You build loyalty through great shopping experiences and customer touch points. One hundred years ago, those experiences began in stores, through interactions with store associates. And they continued with ongoing personal
relationships. People’s lives centered on relatively small geographic areas, and retailers learned about their customers in person. Today, we are a mobile society. Store associates aren’t lifetime employees, and loyal shoppers visit multiple locations of their favorite retailers, including online.
The proliferation of customer touch points during the past 20 years has been immense. Meanwhile, your ability to truly know your customers, and how they interact with you, has become near impossible. Consider a shopper who just walked into one of your stores. Imagine if store associates knew the answers to all of these questions:
- Did she do any research before walking in? What products was she browsing?
- Has he shopped here previously? What did he buy and what brands does he like most?
- How happy was she with her last purchase here? Has she returned anything?
- Has he purchased from us online? Was it from our site? Or from a marketplace?
- Does she talk about our category, or about us, on social media?
- Have we interacted with him after the sale? Live chat? Contact Center? Chat bots?

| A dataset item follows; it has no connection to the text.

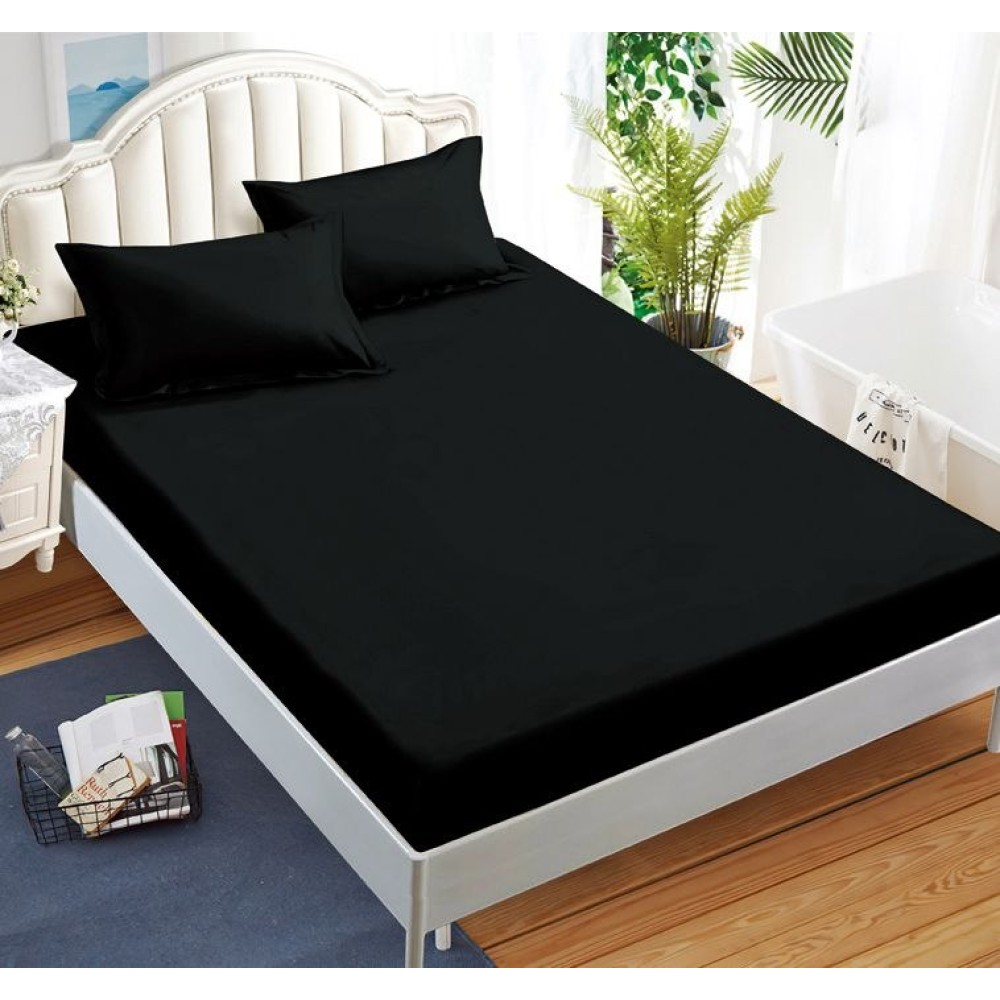 Lenjerie pat dublu cu ELASTIC, Finet, 6 piese, Negru, Johny Home Pucioasa, cod produs: SPR-T-194
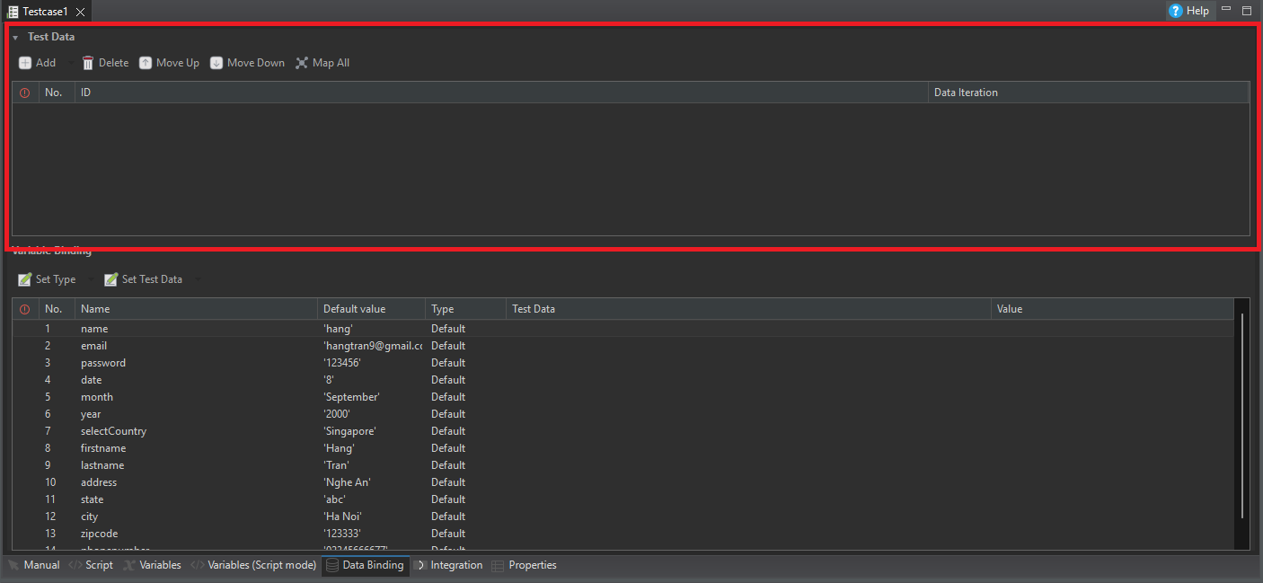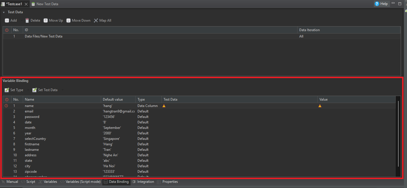 - Trong file Test case, phần Data Binding, sau khi thực hiện thêm file *.dat, Nhấn nút [Map All]

Your customer is capable of remembering all of it. And increasingly, as shoppers, they expect you to remember too — to know them across all the touch points they’ve experienced with you. And while technology is the driver behind channel proliferation, technology has not kept up with your need to know about all of those new types of interactions as your customers move from your site, to your store, to the telephone contact center. And back to the store again.

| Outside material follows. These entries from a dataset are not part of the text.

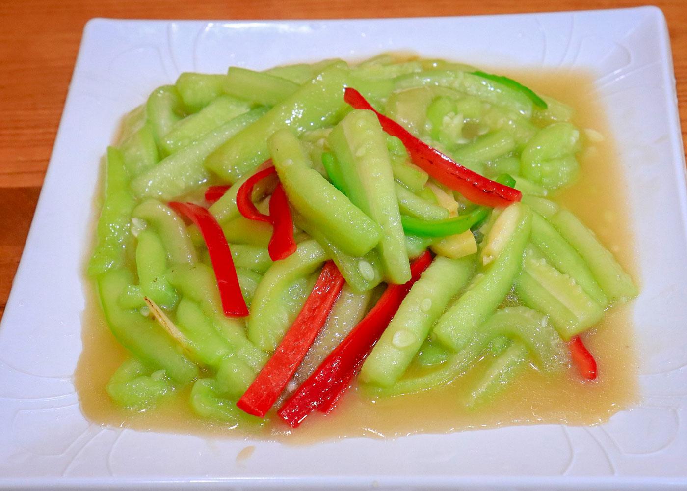 第三、【蒜片丝瓜】丝瓜的膳食纤维素和维生素含量丰富,热量极低,减肥、降脂还能解暑、消渴。
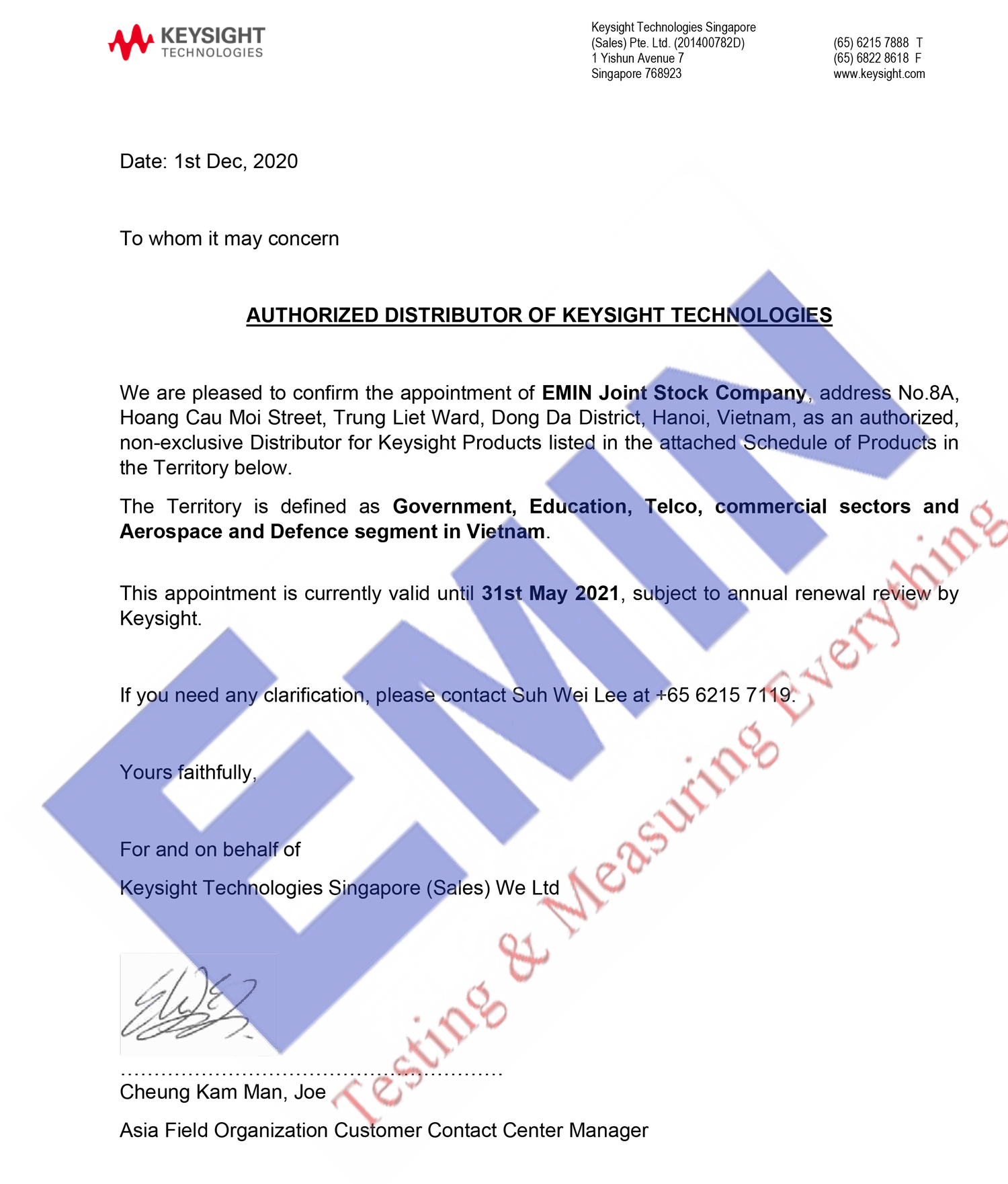 We are pleasure to announce that EMIN officially become Keysight's Authorized Distributor in Vietnam since November 2020
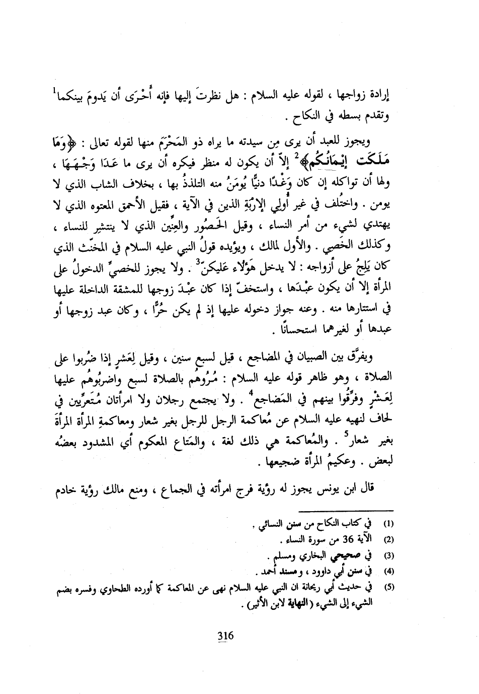(هَل نظرت إِلَيْهَا فَإِنَّهُ أَحْرَى أَن يَدُوم بَيْنَكُمَا وَتَقَدَّمَ بَسْطُهُ فِي النِّكَاحِ) وَيَجُوزُ لِلْعَبْدِ أَنْ يَرَى مِنْ سَيِّدَتِهِ مَا يَرَاهُ ذُو الْمَحْرَمِ مِنْهَا لِقَوْلِهِ تَعَالَى {وَمَا مَلَكَتْ أَيْمَانُكُمْ} إِلَّا أَنْ يَكُونَ لَهُ مَنْظَرٌ فَيُكْرَهُ أَنْ يرى مَا عدا وَجههَا وَلها أَن تواكله إِن كَانَ وَغدا دنيا يومن مِنْهُ التَّلَذُّذُ بِهَا بِخِلَافِ الشَّابِّ الَّذِي لَا يُؤْمَنُ وَاخْتُلِفَ فِي غَيْرِ أُولِي الْإِرْبَةِ الَّذِينَ فِي الْآيَةِ فَقِيلَ الْأَحْمَقُ الْمَعْتُوهُ الَّذِي لَا يَهْتَدِي لِشَيْءٍ مِنْ أَمْرِ النِّسَاءِ وَقِيلَ الْحَصُورُ وَالْعِنِّينُ الَّذِي لَا يَنْتَشِرُ لِلنِّسَاءِ وَكَذَلِكَ الْخَصِيُّ وَالْأول لمَالِك وَيُؤَيِّدهُ قَول النَّبِي - صَلَّى اللَّهُ عَلَيْهِ وَسَلَّم َ - فِي الْمُخَنَّثِ الَّذِي كَانَ يَلِجُ عَلَى أَزْوَاجِهِ لَا يَدْخُلُ هَؤُلَاءِ عَلَيْكُنَّ وَلَا يَجُوزُ لِلْخَصِيِّ الدُّخُولُ عَلَى الْمَرْأَةِ إِلَّا أَنْ يَكُونَ عَبْدَهَا واستخف إِذا كَانَ عبد زَوجهَا للْمَشَقَّة الداخلية عَلَيْهَا فِي اسْتِتَارِهَا مِنْهُ وَعَنْهُ جَوَازُ دُخُولِهِ عَلَيْهَا إِذْ لَمْ يَكُنْ حُرًّا وَكَانَ عَبْدَ زَوْجِهَا أَوْ عَبْدَهَا أَوْ لِغَيْرِهِمَا اسْتِحْسَانًا وَيُفَرَّقُ بَيْنَ الصِّبْيَانِ فِي الْمَضَاجِعِ قِيلَ لِسَبْعِ سِنِينَ وَقِيلَ لِعَشْرٍ إِذَا ضُرِبُوا عَلَى الصَّلَاةِ وَهُوَ ظَاهر قَوْله - صَلَّى اللَّهُ عَلَيْهِ وَسَلَّم َ -
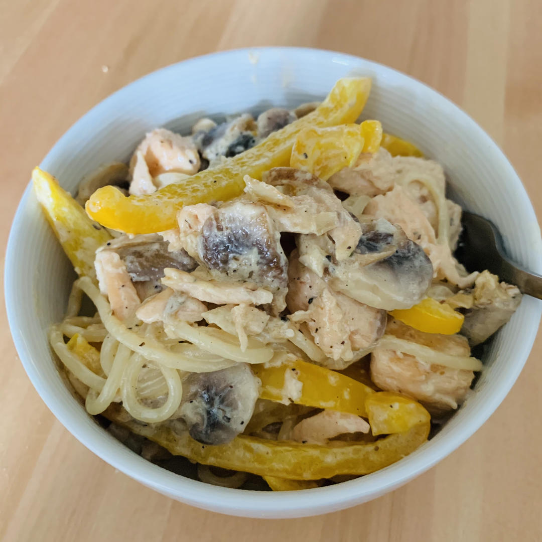 把煮熟的意面捞进酱汁里炒一炒
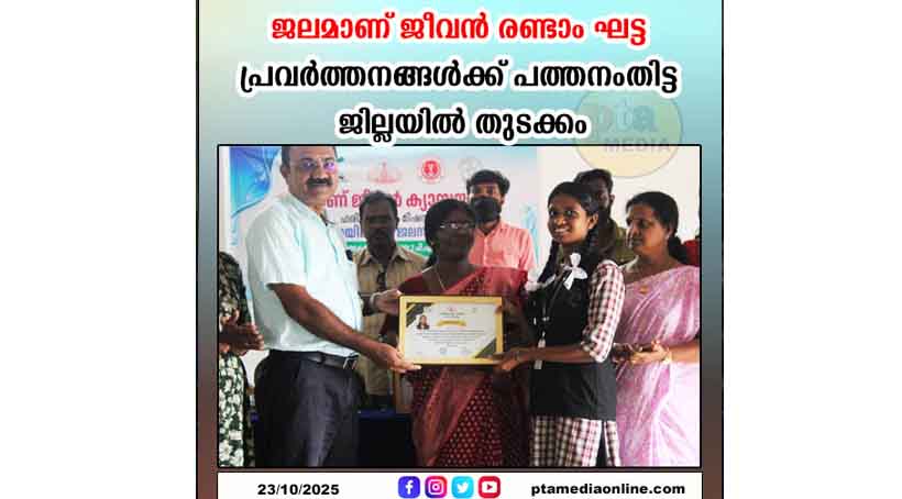 പത്തനംതിട്ട – ‘ജലമാണ് ജീവൻ’ കാമ്പയിൻ രണ്ടാംഘട്ട പ്രവർത്തനോദ്ഘാടനം കൊറ്റനാട് എസ്.വി.എച്ച്.എസ്.എസിൽ ഗ്രാമപഞ്ചായത്ത് പ്രസിഡന്റ് ഉഷ ഗോപി നിർവഹിച്ചു. ഹരിതകേരളം മിഷൻ, ഗ്രാമപഞ്ചായത്ത്, ആരോഗ്യ വകുപ്പ് എന്നിവ സംയുക്തമായാണ് കാമ്പയിൻ നടത്തുന്നത്. കൊറ്റനാട് ഗ്രാമപഞ്ചായത്തിലെ 100 വീടുകളിലെ കിണറുകളിലെ ജലം ഹരിതകേരളം മിഷന്റെ ലാബുകളിൽ വിദ്യാർഥികളായ അഞ്ജന രാജേഷ്, വൈഗ സുമോദ് എന്നിവർ പരിശോധന നടത്തി. മാതൃകാപരമായ പ്രവർത്തനത്തിന് വിദ്യാർഥികൾക്ക് ഹരിതകേരളം മിഷൻ ജില്ലാ കോർഡിനേറ്റർ ജി അനിൽകുമാർ അഭിനന്ദന പത്രം നൽകി. കുട്ടികൾ തയാറാക്കിയ പ്രൊജക്ട് ഗ്രാമപഞ്ചായത്ത് പ്രസിഡന്റിനു കൈമാറി.

In this whitepaper, we will explore the challenges that retailers face in delivering omnichannel customer satisfaction as well as the solutions.
We will follow customers along the buyer journey.

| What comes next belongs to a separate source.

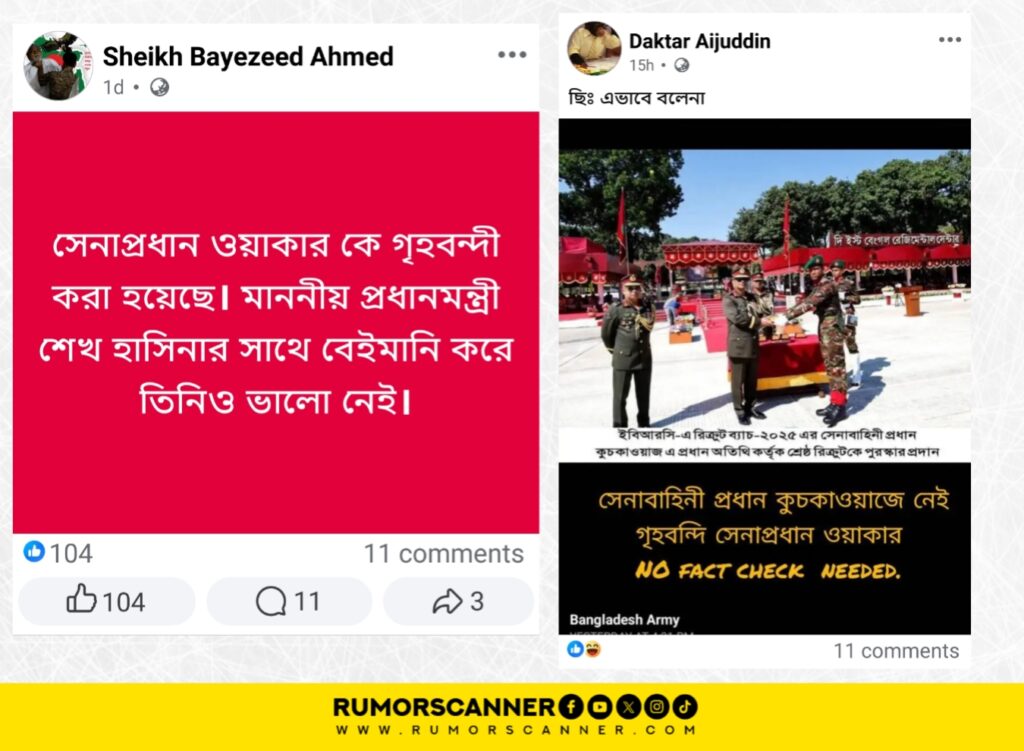 গত ১৫ অক্টোবর চট্টগ্রাম সেনানিবাসস্থ দি ইস্ট বেঙ্গল রেজিমেন্টাল সেন্টারে (ইবিআরসি) বাংলাদেশ সেনাবাহিনীর ইস্ট বেংগল রেজিমেন্টের রিক্রুট ব্যাচ-২০২৫ এর সেনাবাহিনী প্রধান কুচকাওয়াজ অনুষ্ঠিত হয়। এই অনুষ্ঠানের ছবি ব্যবহার করে দাবি করা হচ্ছে, সেনাবাহিনী প্রধান জেনারেল ওয়াকার-উজ-জামান গৃহবন্দী থাকায় এই কুচকাওয়াজে উপস্থিত ছিলেন না।

How can you treat individual customers consistently, as if your brand truly knows them, regardless of whether they are on social media, buying on a marketplace, or in your store? And given that we can’t possibly know every single touch point, how can we, at a minimum, intelligently ensure that every interaction that customers have will be positive.
We will also, for many of the touchpoints within each step, cover the foundational capabilities you need in place, as well as those that will help you achieve omnichannel excellence.
Customer Loyalty Building Blocks
Intuitively, if you’re a retailer, you know that loyalty begins with the basics. Customers have needs, and they come to you to buy the products that will satisfy those needs.
- “I’m having a wedding, and I need party favors.”
- “Soccer season begins in 3 weeks, and I need practice gear.”
- “We’re headed to Mexico for the winter holiday, and I need SPF 30 swimwear.”
The Basics
As a retailer, you help shoppers find the products that will make them happy, and you make the purchase process as easy as possible. You deliver where and when you promised you would. And, if your new customer has questions, or wants to return or exchange a product, you answer their questions quickly and make returns and exchanges simple too. You might even go a step further, with a basic loyalty program that rewards purchases.
Except, the basics aren’t simple anymore, because at every step of the buyer journey, customers are not just changing lanes on the highway, they’re switching from planes, to trains to automobiles… to SpaceX (see figure 1).
Shopping and Research
To serve your well-informed customers better, you need to know what they know. Before entering the store, what did they learn from google searches, reviews, twitter and your Facebook page? How does pricing and return policy vary between your ecommerce site, marketplaces, and your stores? Are your contact centers giving the same answers to the same questions as your live chat operators and your store associates?
Support, Returns & Exchanges
Return and exchange policy and execution are two of the most important factors consumers consider when choosing a retailer – whether buying online or in stores. In fact, according to the UPS Pulse of the Online Shopper™ study, 66% of shoppers review a retailer’s return policy before making a purchase. At a minimum, this must be a simple process. More advanced retailers are enabling customers to buy, modify an order, return and exchange across multiple contact channels. The easier we make it for customers, the more likely they are to return.
- Are each of your channels providing great support?
- Are they able to interact with a customer the same across all channels?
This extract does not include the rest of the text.